If engineers knew what RPA was, they'd probably scratch their head at the idea.
RPA stands for Robotic Process Automation, which already seems to be a misnomer because there's not an actual "robot" anywhere. It's about using traditionally human inputs (mouse, keyboard, GUI) in an automated way to accomplish a task. Things like screen scraping, mouse movements, or sending keystrokes into a form count as RPA. The method fills a gap in legacy applications that don't offer APIs, allowing those applications to connect to other applications.
Over time, the market will choose companies that offer proper APIs over RPA. One is simply a 10x improvement - engineers will always choose an API over an RPA solution. APIs are orders of magnitude faster. APIs are more reliable because they work on structured input. APIs can be authenticated, authorized, metered with low overhead.
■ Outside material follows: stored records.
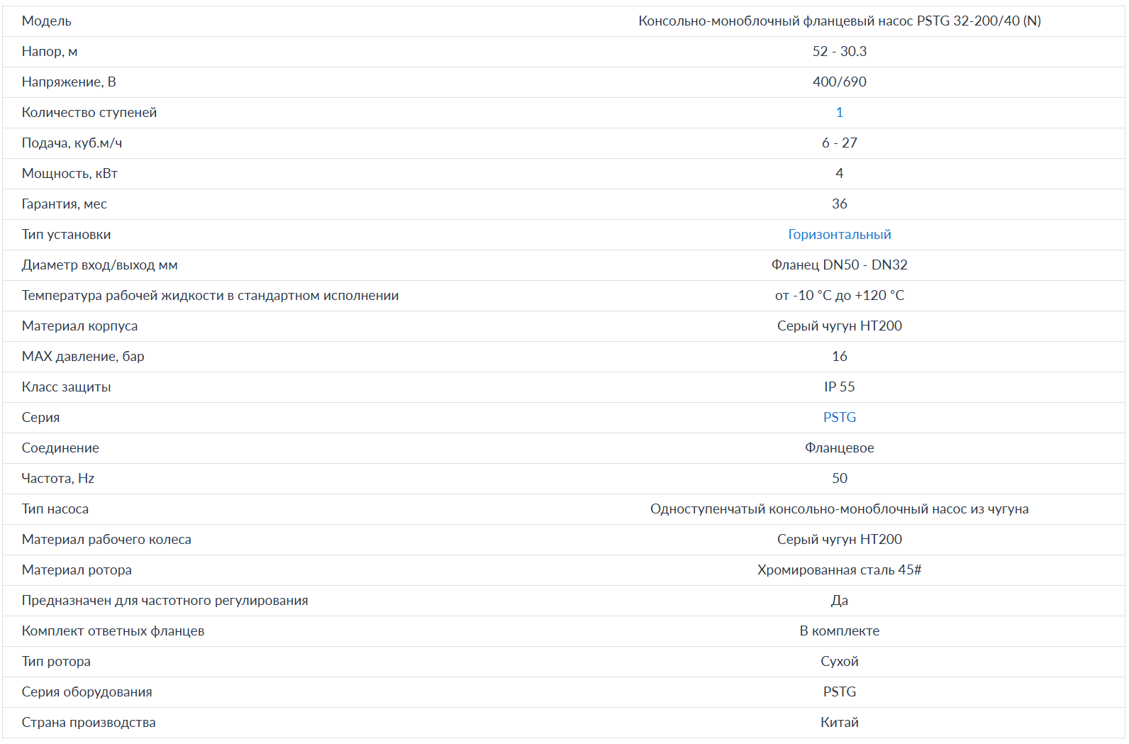 Консольно-моноблочный фланцевый насос PURITY PSTG 32-200/40 (N), Артикул: 100602779Для перекачивания жидкостей, не агрессивных по отношению к материалам насоса. Рекомендованы для использования в системах водоснабжения, на станциях повышения давления, в противопожарных установках, в ирригации, в промышленности, для циркуляции воды в климатических установках, в сельском хозяйстве. Характеристики PURITY PSTG 32-200/40 (N)
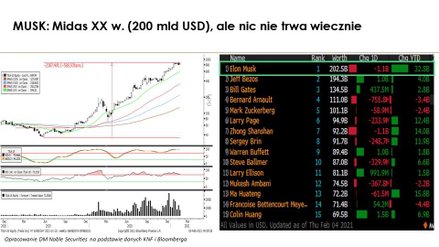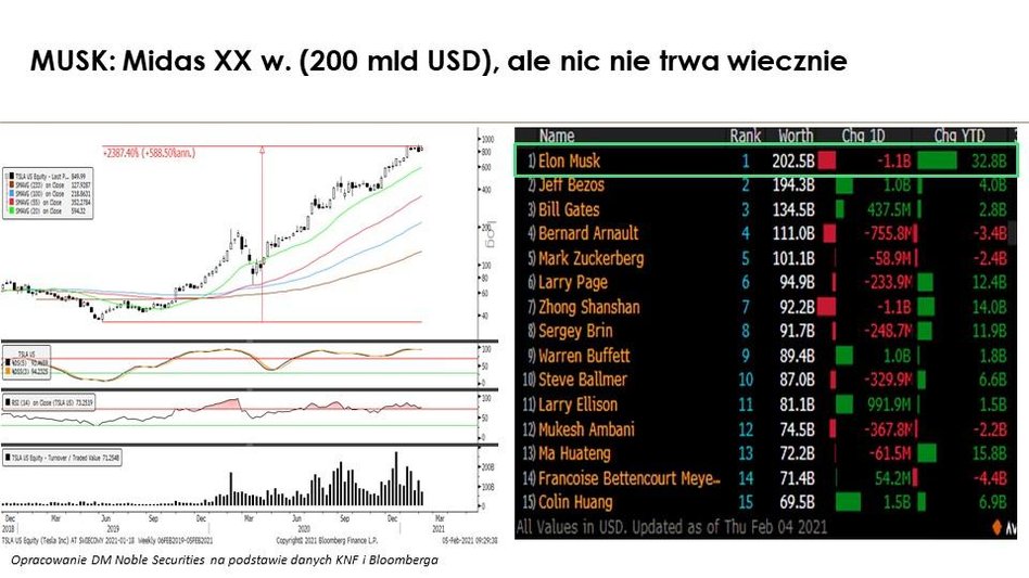 Mamy swego rodzaju nową odsłonę Midasa. Każda hossa ma swoich bohaterów i Musk niewątpliwie nim jest. Mówią tu zarówno o zmianie wyceny Tesli, jego majątki i zasięgach w mediach społecznościowych. Uczulam jednak, że gra pod jego tweety, choć kusząca, to może skończyć się sporymi stratami. Widać bowiem, jak wysoką zmienność wywołują czasem te wpisy.
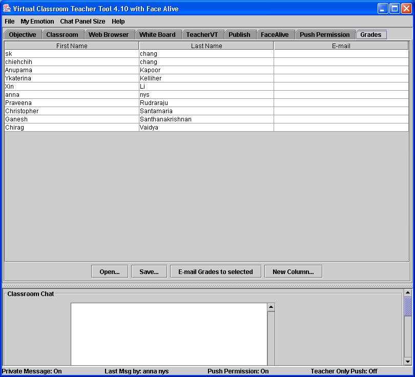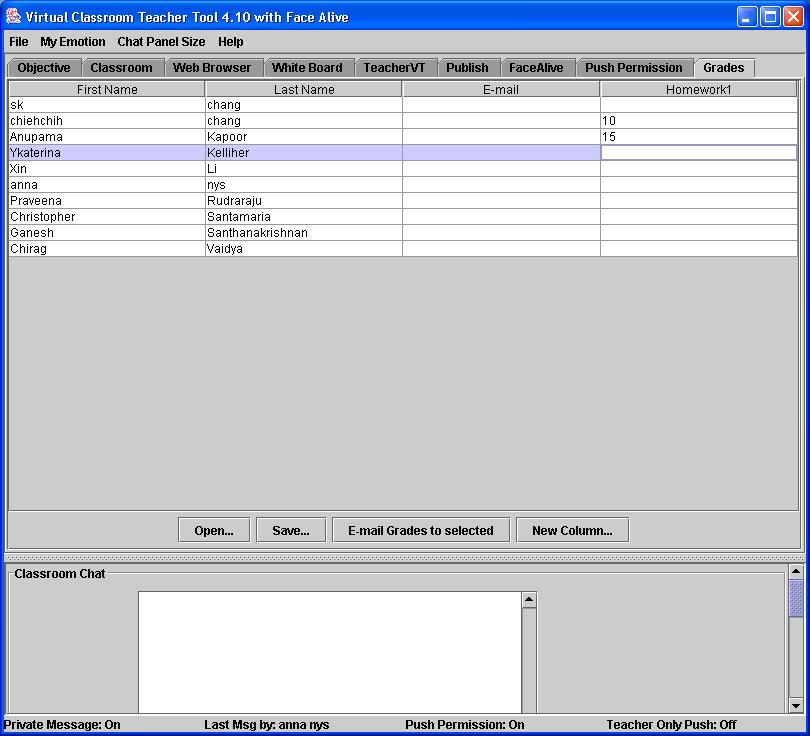 The Grade Book module loads the student list as soon as the teacher tool is run.
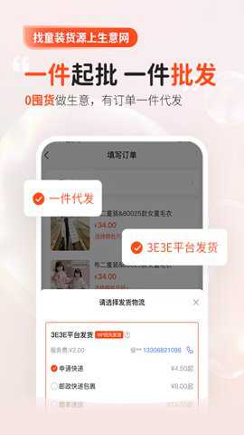 1、使用生意网童装货源,你可以轻松选择款式,下单、发货、售后全链路的操作都非常高效、便捷、实用。
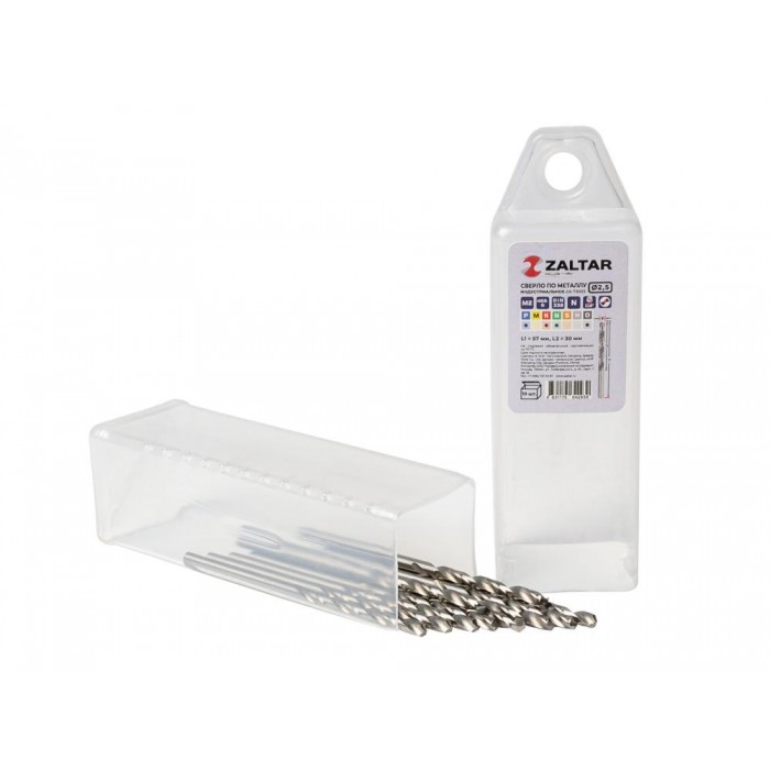 Комплект свёрл по металлу индустриальных, 10 шт, DIN 338, HSS-G, Тип N, 5xD, O2.50 мм (ZA-73025-S10)

Two big trends are disrupting RPA. First, the shift to SaaS breaks RPA. With SaaS, the user doesn't control updates, and that means layout updates that break RPA workflows. Buttons change position, text boxes change labels, and RPA can't figure simple changes like that out. Second, the shift from desktop applications to web applications makes RPA fragile. In an ironic twist, the best "RPA" is simply tapping into operating-system-specific APIs, like the Windows Win32 API. Browsers like Chrome don't have an equivalent (and never will, can you think of how much of a security issue that would be?).
That doesn't mean there's significant business value in the problems that RPA is solving. Look at Plaid's (screen scraping for financial data) latest funding round at a $13 billion valuation, or UiPath's (desktop RPA) market cap at $40 billion. But most businesses look great before they get disrupted.